Task statement => From the data below, repeat exactly the lines from the line with "我们先随便画6个涂鸦让人工智" to the line with "back to topA", both included.

++++ Records shown ++++

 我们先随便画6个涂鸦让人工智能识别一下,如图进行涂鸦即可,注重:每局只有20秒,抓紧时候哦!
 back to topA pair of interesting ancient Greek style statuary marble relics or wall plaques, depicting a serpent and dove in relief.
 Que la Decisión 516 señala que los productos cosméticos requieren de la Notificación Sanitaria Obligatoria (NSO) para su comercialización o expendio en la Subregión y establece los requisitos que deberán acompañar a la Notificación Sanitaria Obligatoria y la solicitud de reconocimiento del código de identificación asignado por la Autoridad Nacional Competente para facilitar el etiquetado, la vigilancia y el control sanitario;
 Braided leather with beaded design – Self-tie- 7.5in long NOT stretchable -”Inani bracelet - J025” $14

++++
++++ Records shown ++++

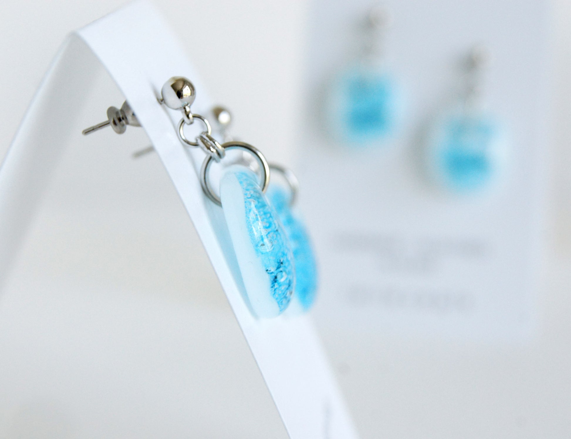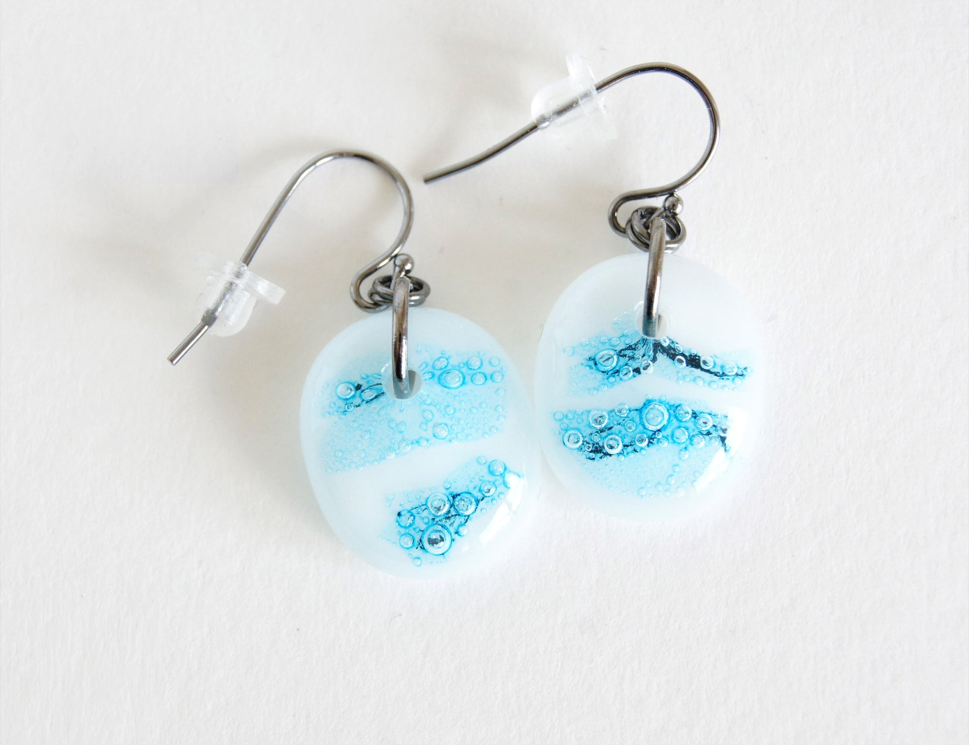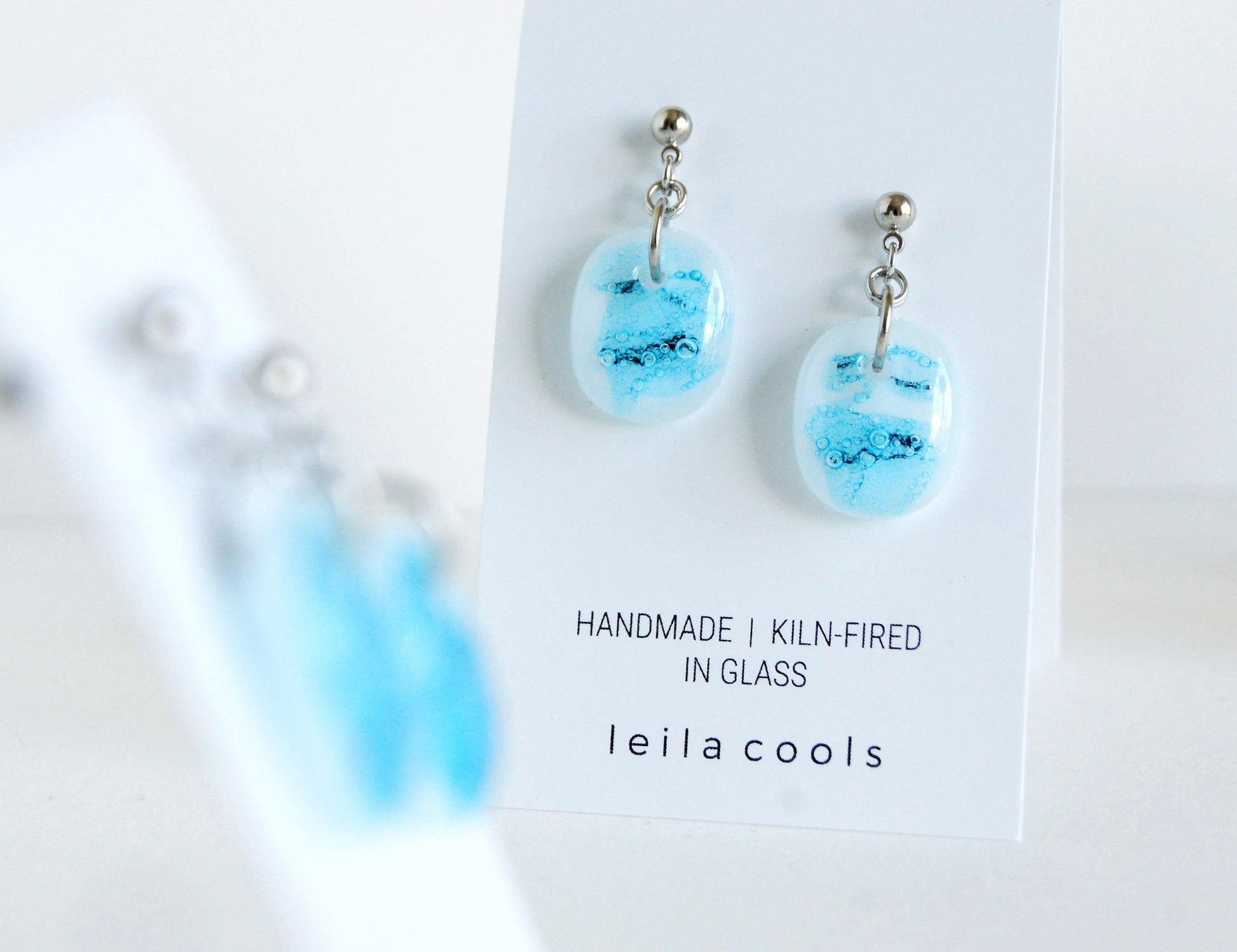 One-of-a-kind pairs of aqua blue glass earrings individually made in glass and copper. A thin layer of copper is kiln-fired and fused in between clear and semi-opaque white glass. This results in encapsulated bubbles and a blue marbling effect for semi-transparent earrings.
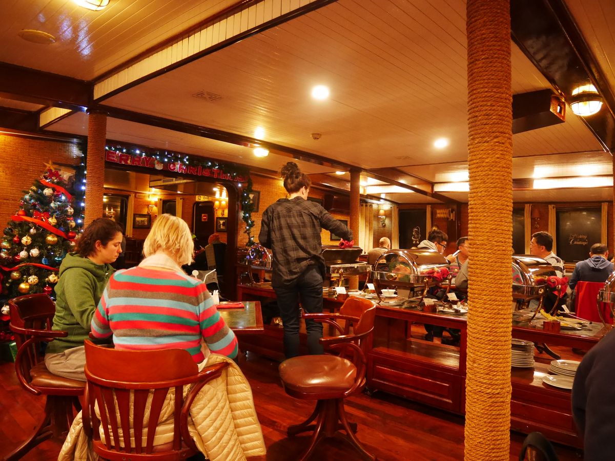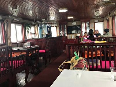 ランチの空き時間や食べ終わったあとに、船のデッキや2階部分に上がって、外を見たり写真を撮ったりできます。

++++

Result for this exercise =>
 我们先随便画6个涂鸦让人工智能识别一下,如图进行涂鸦即可,注重:每局只有20秒,抓紧时候哦!
 back to topA pair of interesting ancient Greek style statuary marble relics or wall plaques, depicting a serpent and dove in relief.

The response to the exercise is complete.